ДЕЛЬФИЙСКОЕ ЭХО

A LINEA

Он писал свою последнюю книгу, в сущности о том, что заставило бросить всё самое дорогое — привольный Вознесенск, продуваемый насквозь горячими ветрами, маму и, конечно, Марусю. Он и сейчас видел трещинки на зеленых воротах Марусиного дома, слышал звон цикад, чувствовал на губах ее поцелуй, смешанный с запахом накрахмаленного белого платочка, трогал запотевшие крынки с простоквашей в погребе, куда пришел, чтобы покончить с собой. Он рассмеялся — сколько женщин у него было, но Маруся так и осталась богиней. Он вспомнил ее звонкий голос, глубоко посаженные темные глаза, как она ловила отвязавшегося жеребенка, а потом, поймав, прижившись щекой к его рыжей плюшевой морде, запела — протяжно, надрывно — от восторга, переполнявшего ее, вспомнил, как просто отдалась ему. Россыпи звезд мерцали над ними будто сквозь слезы, казалось, они везде, даже между тонкими серебристыми стебельками старых ковылей, он чувствовал себя маленьким, беспомощным, некрасивым, вспомнил ее горячее лоно, запах крови и жалость к ним обоим.

Книга была и о том, как научиться не размениваться, слушать себя, отсекая излишества жизни и судьбы, которая как нарочно предлагает слишком много, потому что не знает, кому что надо.

Конечно, ему было проще, чем другим, он не был красив и гением себя не считал. Труды, бесконечные труды оправдали себя. И все же признание пришло слишком поздно: теперь его печатали везде, но силы уходили, а больше всего хотелось рассказать про мир, проскальзывавший иногда и в нашу жизнь, — тайных духов, поджидающих нас на легких и трудных дорожках, о жизни по правде и не по правде, о странствующих рыцарях, странствующих не почему-то, как странствуем мы, расставляя себе капканы, а просто так, без видимой причины, лишь по зову сердца. Он сразу узнал дыхание этого мира, стоило увидеть старинное Евангелие Федора Кошки — буквицы, оживающие словно в какой-то мистерии, и, конечно, исторические миниатюры, полные простора, хотя и тесные на первый взгляд. Он готовился к защите диплома, и Тайка, очередная его пассия, потащила его к своей знакомой в Ленинскую библиотеку. По нему, странному третьему миру выли степные ветры, источали истому небеса — как было его не узнать!

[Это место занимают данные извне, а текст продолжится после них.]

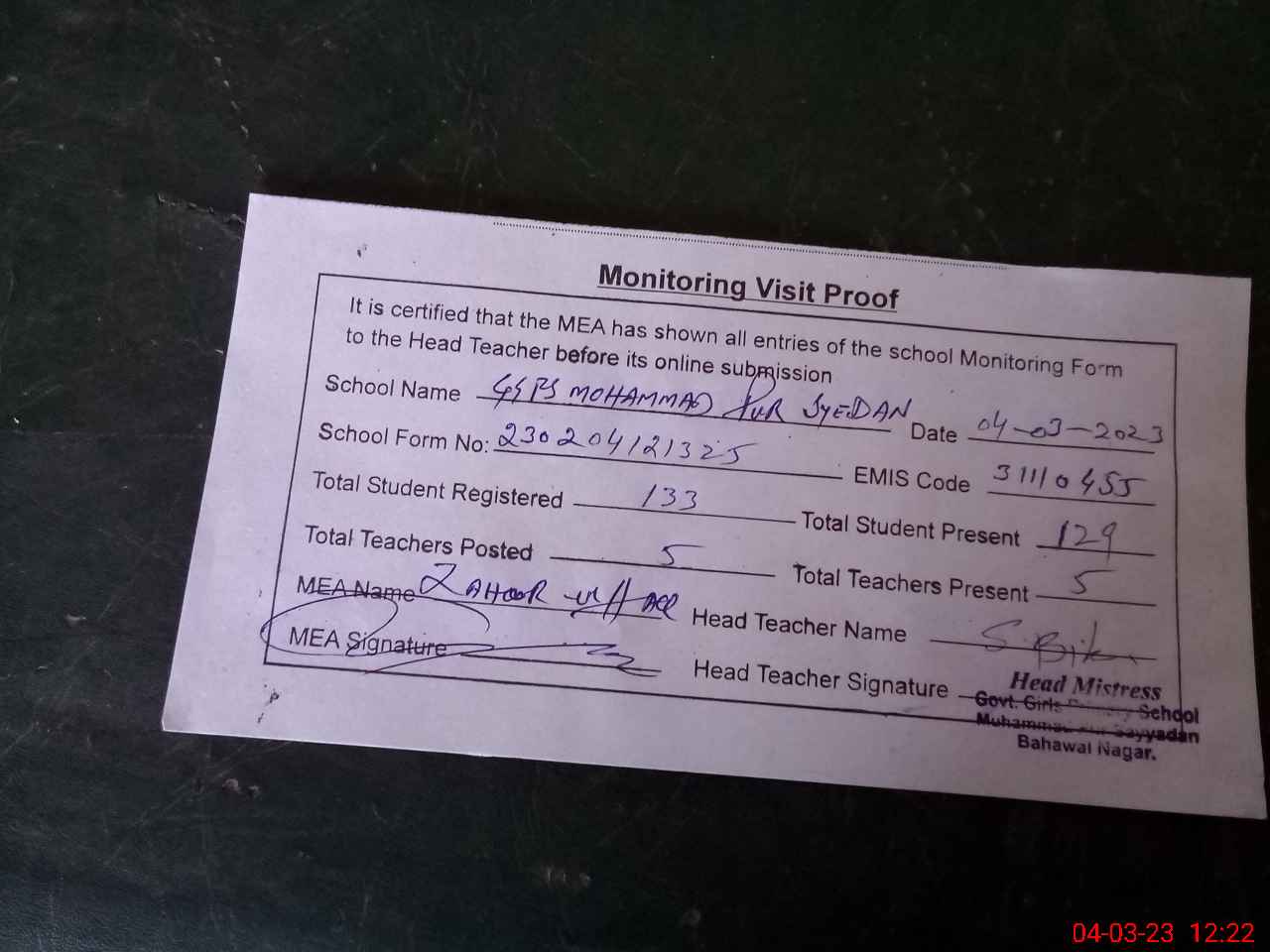 | Attendance Register | Head Teacher | MEA with School | Visit Proof |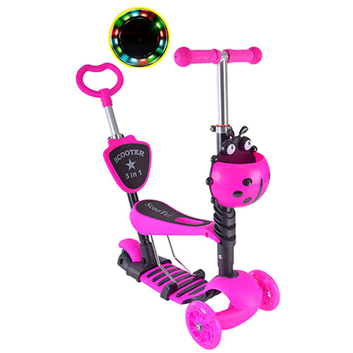 Детский самокат с сиденьем Bambi SC20139 P, со светящимися колесами (SC20139 Pink-RT)

Даже в его снах, школяра, бесчувственного раба по средневековым понятиям, мелькали скитальцы, пробивавшиеся к морю или к неведомым щедрым землям, и, наверно, о них пели иногда мужики, напиваясь до бесчувствия. Слушать их было страшно, и женщины на такие спевки не приходили. И как было понятно потом! Красное с голубым — достоинство, зеленое с синим — надежда и красота, золотое и серебряное — вечная жизнь. И везде сильные и свободные фигуры — как сгустившийся свет.

После химиотерапии он ни о чем не думал. Спустя месяц, когда его обнадежили, что лечение прошло отлично и вообще всё будет хорошо, новое ощущение себя, открытое в больнице, — как безвольного растения, поглощенного выживанием, стало забываться. «Вот так и у рожениц», — подумал он, осознав глубокую разницу между мужским и женским существом. Ему даже нравилось, как он выглядит: грубая лепка лица, в глазах колкость.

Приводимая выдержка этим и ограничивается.